Patient anger over hospital parking fees is not new. People in the United Kingdom, Australia, and Canada often criticize the parking charges, considering the rest of their care at the point of service is free.

“It’s disgraceful to charge those who are critically ill, those who take someone injured or ill to a hospital, or those who are visiting terminally ill,” one person told a local U.K. newspaper this past September after the local hospital brought back parking fees that had been suspended throughout the Covid-19 pandemic.

Other research in the U.S. has similarly found hospital parking prices contribute to what’s known as “financial toxicity” — the idea that having a serious illness like cancer is stressful and costly on its own, and only made worse when people may have to cope with other expenses like travel while potentially missing work and losing income.

Many community hospitals in rural and suburban areas of the U.S. don’t charge anything for parking. But if people need or want more specialized care in a larger city, where parking is more scarce, they often will encounter some kind of parking fee.
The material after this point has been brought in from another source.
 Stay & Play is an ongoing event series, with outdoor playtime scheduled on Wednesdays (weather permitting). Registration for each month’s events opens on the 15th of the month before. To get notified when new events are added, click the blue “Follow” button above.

And if a loved one is stuck in the hospital for days, weeks, or months, hospitals can saddle families and visitors with hundreds if not thousands of dollars in parking costs.
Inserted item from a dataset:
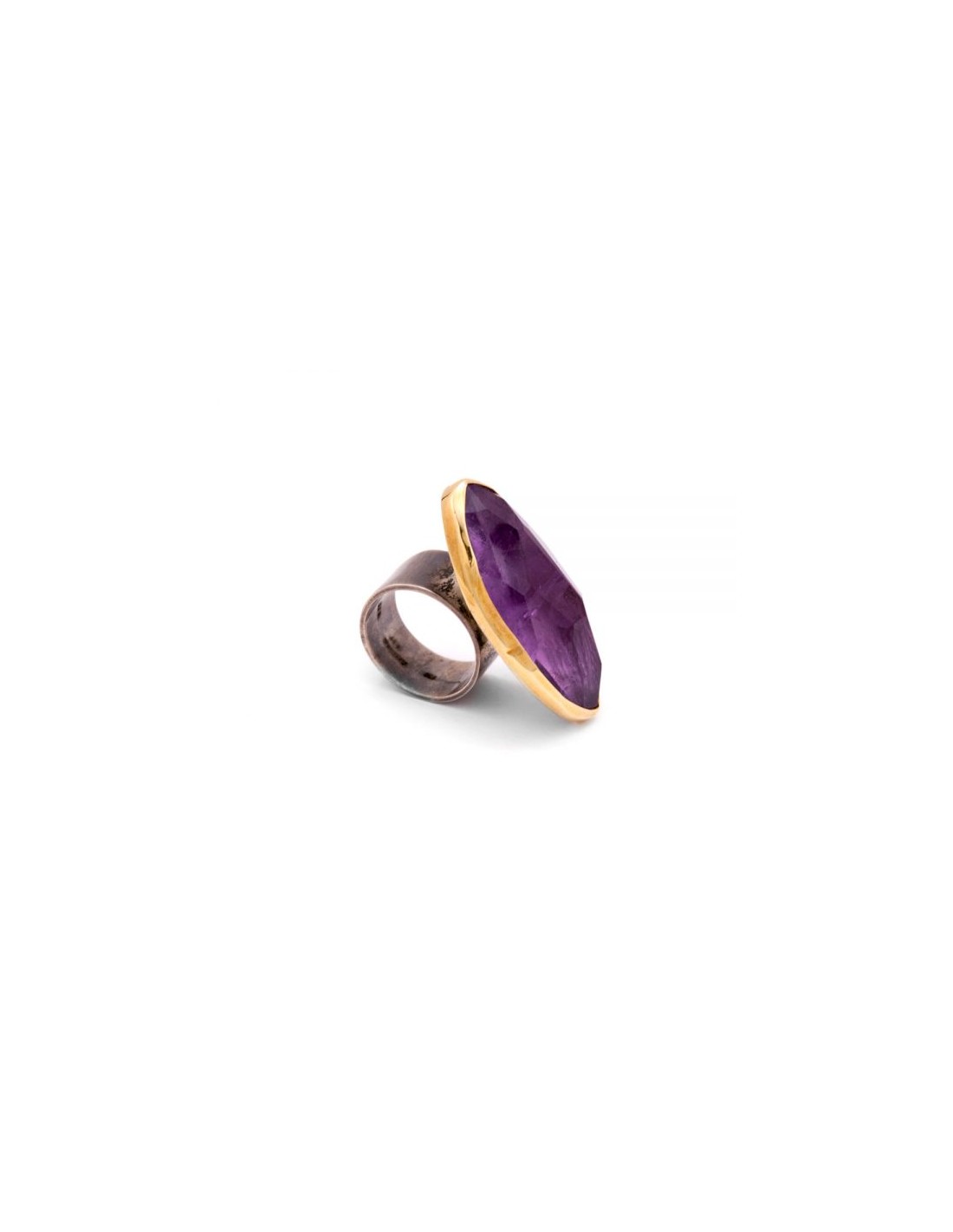Sortija plata de ley con amatista irregular facetada engastada en oro.

Mirroring the study’s findings in Canada, parking fees are usually higher in U.S. cities that have higher costs of living. Parking rates for New York hospitals are often $30 or more per day. Houston Methodist charges $7 for a visit that lasts fewer than three hours and $13 maximum per day. Indiana University Health’s main hospital in Indianapolis charges $5 for visits under two hours and $18 for a full day. The University of California Irvine Medical Center charges $1 for every 20 minutes, which maxes out at $16 per day. Baylor University Medical Center in Dallas charges a daily maximum of $5. Parking is free at Detroit Medical Center.

Rush University Medical Center in Chicago recently hiked its parking prices, saying on its website that the “slight increase in rates will allow Rush to continue to improve the parking experience for our patients and visitors.” Rush’s parking costs $20 for staying overnight, and parking for less than two hours costs $10. “Special parking arrangements may be possible for long-term patients,” according to Rush’s website.

Some possible solutions, according to Al Balushi and his colleagues, include screening patients to see if they qualify for travel vouchers or waived parking fees — which some nonprofit groups provide. Given the hurdles patients already face in getting treatment, parking shouldn’t be one of them. “It’s ridiculous,” Al Balushi said.